Artificial intelligence and machine learning algorithms feature in much of our coverage on Health Tech Insider. AI has clearly gone past tipping points of acceptance and application in medical science. Teams from institutions worldwide now routinely build and refine algorithms based on large datasets. We have written about machine learning identifying suicidal adolescents, predicting pain levels from facial videos, uncovering previously hidden insights about diabetes, and much more.

OWKIN, a New York-based machine learning technology company, recently introduced the OWKIN Loop Network (OLN). The network includes more than 30 top hospitals and research institutions in Europe and the U.S. The shared goal of the OLN members is to enable researchers to train predictive models with massive amounts of shared, real-world data. OLN also assists in knowledge transfer to benefit patients and speed pharmaceutical research and development.

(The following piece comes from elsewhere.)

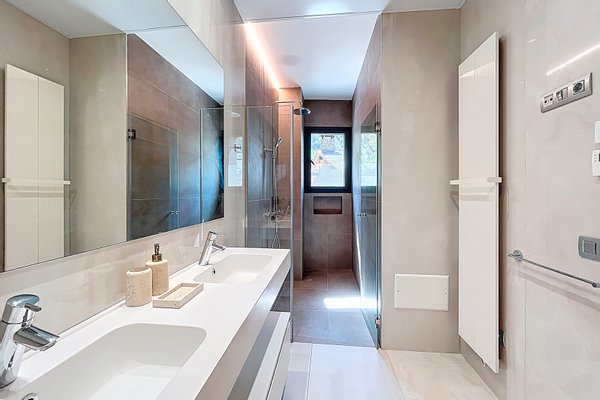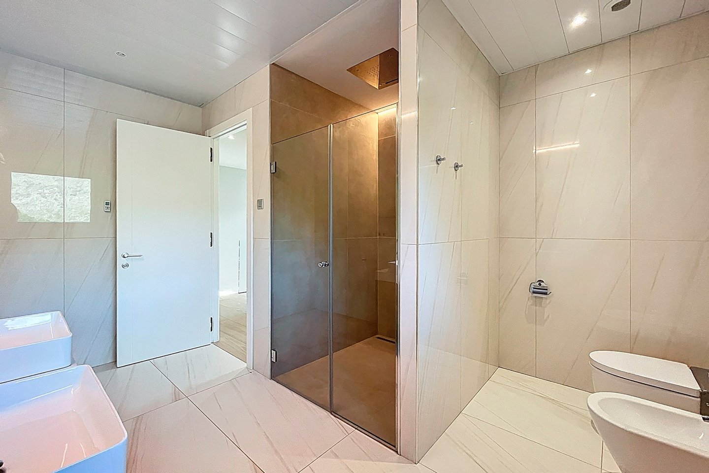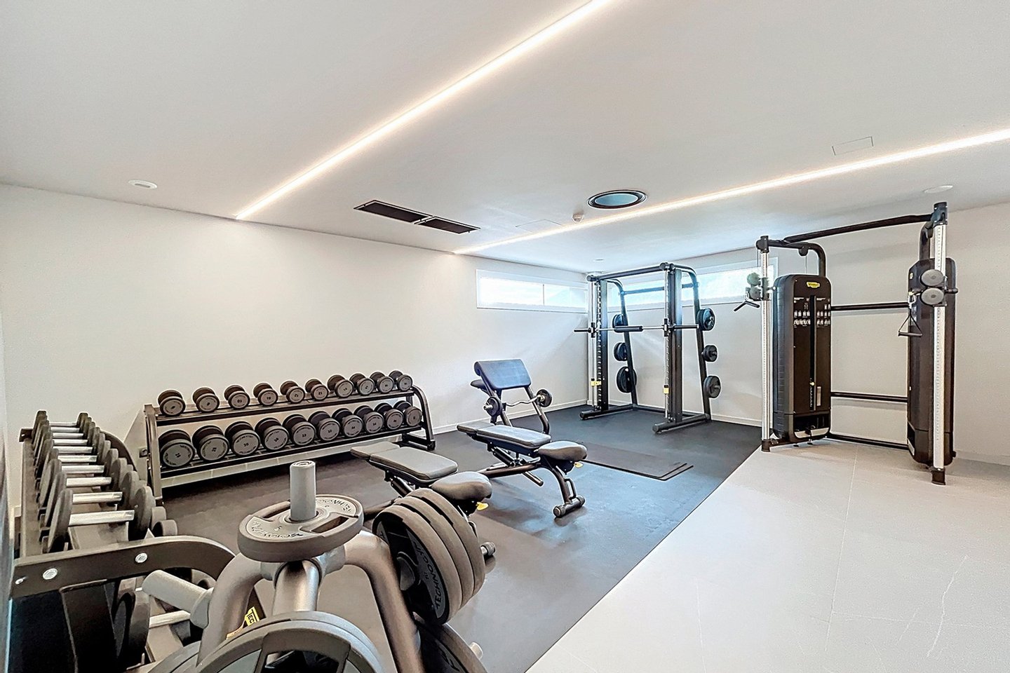 Unterhalb der Wohnebenen, im Keller -1, gibt es einen Waschraum mit einer 8 m² großen Außenterrasse, ein großzügiges 135 m² großes Fitnessstudio mit Vorinstallation für einen Pool (der bei Wunsch erweitert werden kann) sowie einen angrenzenden Raum für eine Sauna, Hammam oder andere Wellnessbereiche. Es verfügt außerdem über eine Zone mit vier Waschbecken. Außerdem gibt es ein 45 m² großes Solarium, das über eine Außentreppe zugänglich ist, ideal zum Entspannen und zum Genießen von ruhigen Momenten.

The OLN purview is intentionally broad, but its current areas of focus for advancing research and development include oncology, cardiovascular, neurodegenerative, and autoimmune diseases. Specific projects include training predictive models to identify quantitative biomarkers for a rare form of cancer, to predict brain age from MRIs, and to establish gene expression profiles as markers of immunotherapy response.

Pooling resources for practical applications of a rapidly developing technology such as machine learning — particularly when the mission focuses on open sourcing the wins — certainly sounds like a timely and broadly beneficial effort. It will be interesting to watch for similar networks to observe whether they are or become collaborative or competitive.